One boring evening I made a factory reset and started re-tuning my smartphone. First of all, a fresh Android asked me to enter my google account. “I wonder how the registration and login in Android happens in general?” I thought. The evening stopped being languid.

I use the PortSwigger burp suite to capture and analyze traffic. Free Community version will be enough. So that we can see https requests, first we need to install a certificate from PortSwigger on the device. For tests, I found an eight-year-old Samsung Galaxy S with Android 4.4 on board in my bins. If you have something fresher, then you may have problems with https: certificate pinning and all that.

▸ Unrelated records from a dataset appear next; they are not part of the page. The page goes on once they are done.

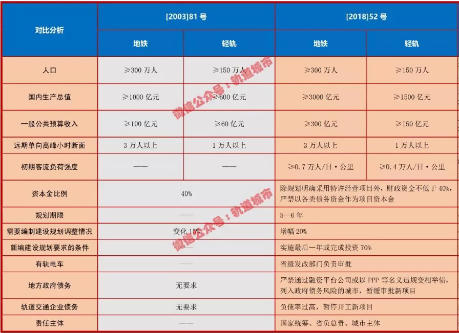 81号文与52文申报地铁城市条件对比。轨道城市微信公众号图片
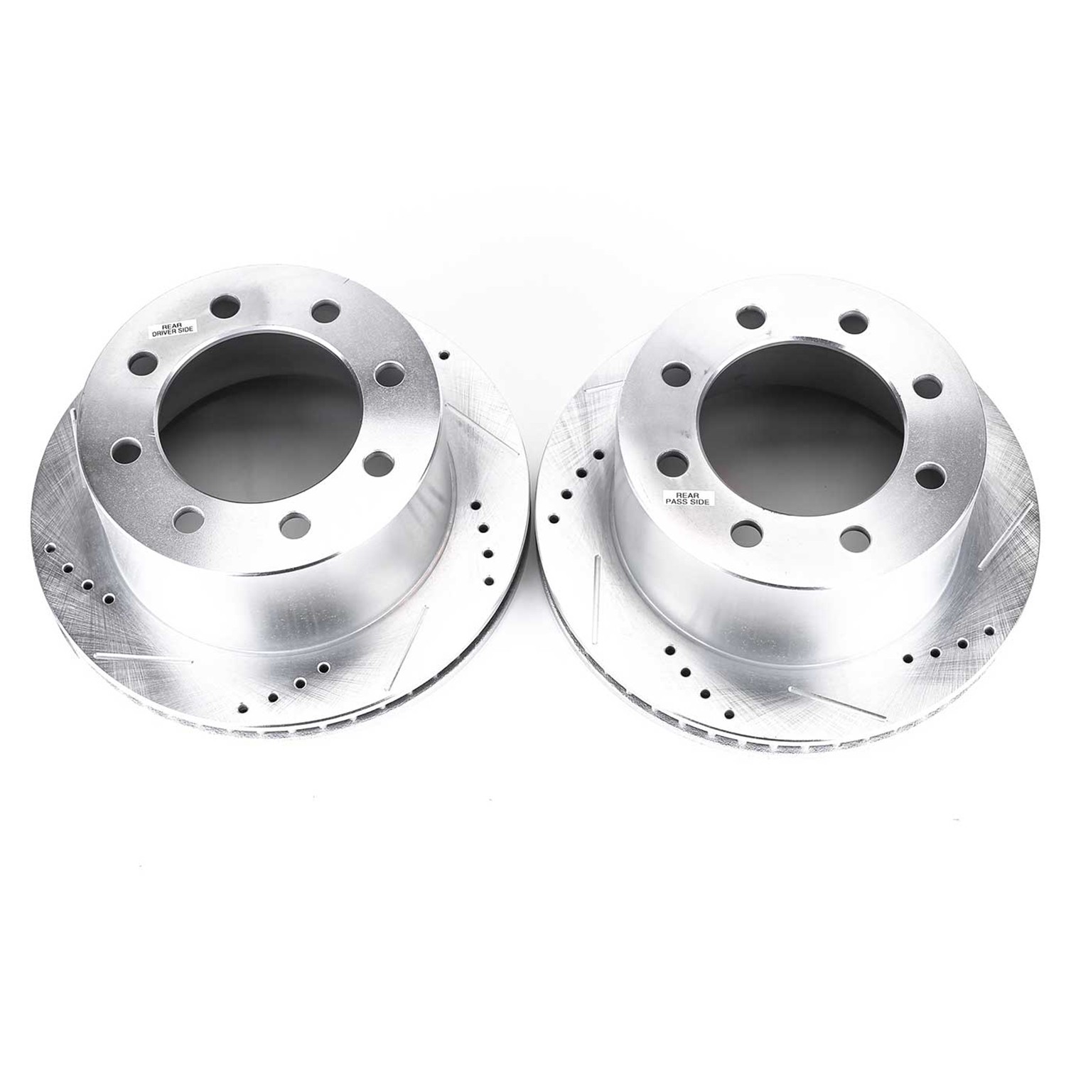 - Power Stop drilled and slotted rotors provide a bolt-on upgrade for improved brake cooling and performance. Precision cross-drilled for maximum cooling and maximum performance during extreme conditions; rounded slots sweep away gasses, dust, and moisture to keep a clean friction contact patch on the rotor surface. Silver zinc dichromate plating resists rust and corrosion. With a direct OE fit, there are no special modifications needed.
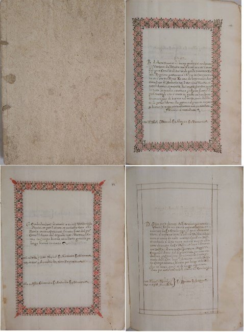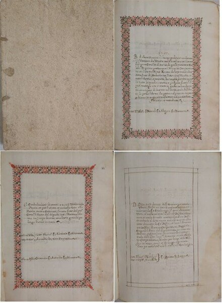 ms cartaceo in-8 (mm. 200x345), pagine numerate 92, pagine non numerate 83, leg. cart. rust. coevo. Il manoscritto contiene in ordine alfabetico i nomi delle nobili famiglie veneziane con annotazioni storiche sulle origini e provenienza e notizie caratterizzanti, comprendenti anche giudizi morali: "Avanzaghi vennero da Mantova.", "Basegio antichi Veneti di poche parole.", "Diedo gagliardi.", "Foscolo benevoli.", "Foscarini ellemosinari et mansueti.". Per ciascuna famiglia è descritto lo stemma araldico, sono ricordati i nomi dei rappresentanti più celebri e dei fatti più memorabili, con le date che vanno dalla metà del Cinquecento e non superano il primo decennio del Seicento. Il testo della prima parte, le cui pagine sono numerate, è contornato da elegante fregio a inchiostro nero e rosso, stilisticamente sempre diverso. Nella seconda parte il testo è contornato da semplice doppia cornice preparatoria per la decorazione. Occasionalmente compaiono alcune righe di integrazione di testo con calligrafia diversa. Mancano alcune pagine nella prima parte (p.55/56, pp. da 81 a 88). Al margine bianco inferiore destro è riportata la lettera per la rubricatura. Numerosi rinforzi marginali frutto di antico restauro. Vistose gore sulle ultime cc, e in particolare ultima pagina strappata. Affascinante manoscritto in barbe, con notizie molto interessanti sulla classe gentilizia veneziana tra Cinquecento e Seicento. [232]
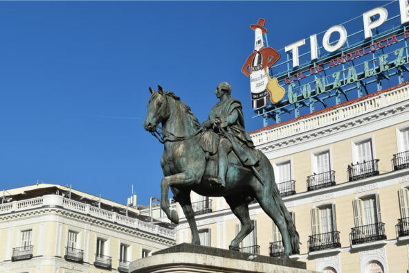 Три дня праздников три города, где мне довелось побывать в 2013 году, а теперь все увиденное ранее хотелось показать и Надежде. Начать решили с Мадрида, тем более что все основные достопримечательности испанской столицы, в отличие от Барселоны, сконцентрированы на сравнительно небольшом участке от Королевского дворца до станции метро «Puerta del Sol». Конечно, такое утверждение спорное, но, как ни крути, Мадрид все же на любителя. Обладая развитой транспортной инфраструктурой, город идеален для начала путешествия на юг или север страны и в Португалию, а вот с точки зрения топовых памятников он сильно уступает тому же Толедо, Сеговии и даже Авиле (Avila).

In fact, there is nothing particularly interesting in appeals to the Google API. The device sends data about itself, receives tokens in response ... The only incomprehensible moment is a POST request to the anti-abuse service.

After this request, among the unremarkable parameters, one mysterious appears, with the name droidguard_result . It represents a very long Base64 line:

DroidGuard is a Google mechanism for separating bots and emulators from real devices. SafetyNet also uses data from DroidGuard in its work. A similar thing Google has for browsers is Botguard.

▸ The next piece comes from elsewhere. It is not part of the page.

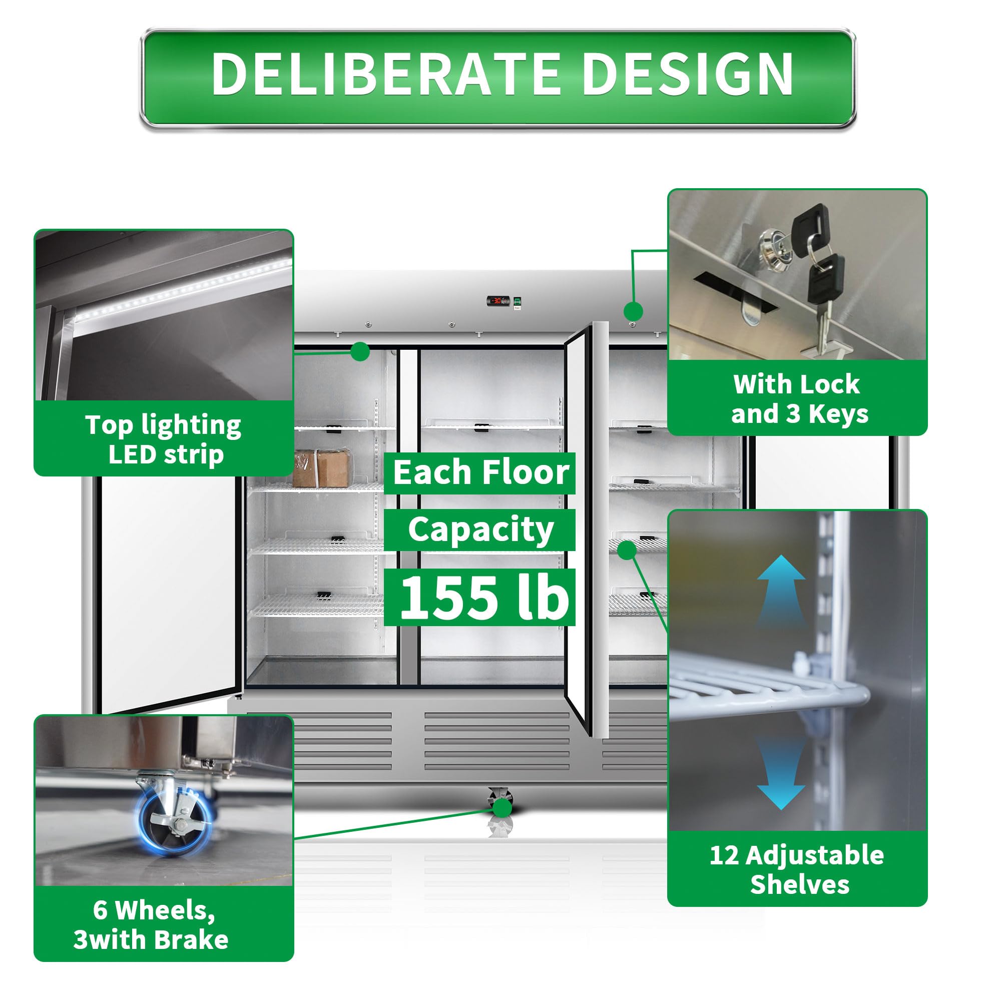 Spacious Commercial Grade Storage - 4 anti-corrosion adjustable shelves (each holds up to 155lb) maximize flexible storage for frozen foods, ice creams, and pre-prepared frozen supplies—ideal for restaurants, commercial kitchens, or convenience stores. 6 bottom wheels (3 with brakes) let you move/lock it easily; 222° wide door opening + auto-close (under 90°) boosts workflow, while top LED strip lights up every corner to quickly locate frozen items
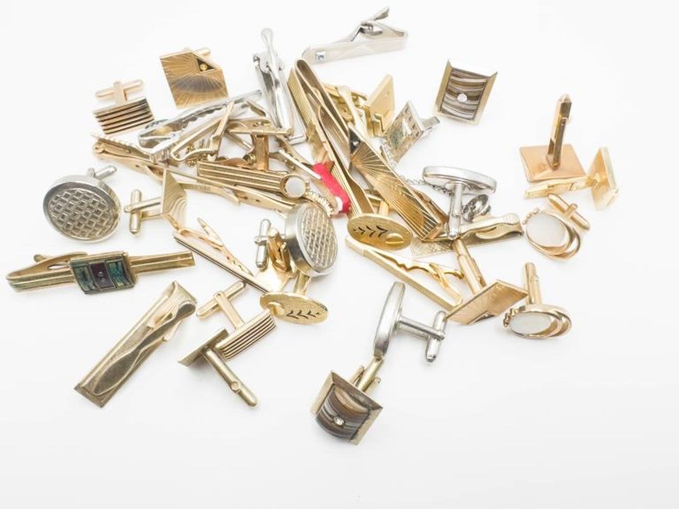 CUFF LINKS WITH STONES AND TIE CLIPS

But still, what is this data that is transmitted to them? Now we will understand.

Protocol buffers

Where does the link www.googleapis.com/androidantiabuse/v1/x/create?alt=PROTO&key=AIzaSyBofcZsgLSS7BOnBjZPEkk4rYwzOIz-lTI come from , who exactly makes this request on Android? It is easy to find that this link is stored in one of the obfuscated Google Play Services classes right in this form:

publicbdd(Context var1, bdh var2){
  this(var1, "https://www.googleapis.com/androidantiabuse/v1/x/create?alt=PROTO&key=AIzaSyBofcZsgLSS7BOnBjZPEkk4rYwzOIz-lTI", var2);
}

As we have already seen in Burp, Content-Type from POST requests for this link is application / x-protobuf (Google Protocol Buffers, the protocol for binary serialization from Google). Not json, of course - you won't understand right away what is being sent there.

Protocol buffers works like this:

First, we describe the structure of the message in a special format and save it in a .proto file
compile .proto files, the protoc compiler generates the source code in the selected programming language (in the case of Android it is Java)
use generated classes in the project

To decode messages in the protobuf format we have two ways. The first is to use any protobuf analysis tool and try to recreate the original description of the .proto files. The second is to pull out the classes generated by the protoc compiler from Google Play Services. I went the second way.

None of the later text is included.